3. The high-modulus HMPP wound structure wall tube according to claim 1, characterized in that: The sealing gasket (33) and the first mating sleeve (31) are fixedly connected, and the positioning rod (32) and the first mating sleeve (31) are fixedly connected.
4. The high-modulus HMPP wound structure wall tube according to claim 1, characterized in that: The positioning rod (32) is movably inserted into the inner wall of the positioning groove (35), and the mounting sleeve (36) is movably sleeved on the outer wall of the first docking sleeve (31) and the second docking sleeve (34). The outer walls of the first docking sleeve (31) and the second docking sleeve (34) are provided with threaded holes that cooperate with the bolt (37).
5. The high-modulus HMPP wound structure wall tube according to claim 1, characterized in that: The inner tube (9) is made of high-modulus polypropylene, and the metal reinforcement layer (7) is made of aluminum.

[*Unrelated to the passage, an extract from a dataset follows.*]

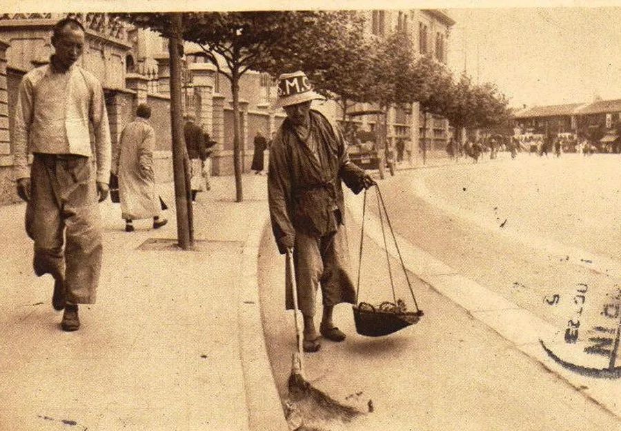 民國初年,上海街頭的清道夫。帽子上有S.M.C 字樣,意為上海工部局的英文縮寫

6. The high-modulus HMPP wound structure wall tube according to claim 1, characterized in that: The supporting layer (5) is a metal mesh woven from iron wire, and the inner lining layer (6) is made of polyvinyl chloride.
7. The high-modulus HMPP wound structure wall tube according to claim 1, characterized in that: The outer wear-resistant layer (1) is made of glass fiber reinforced plastic.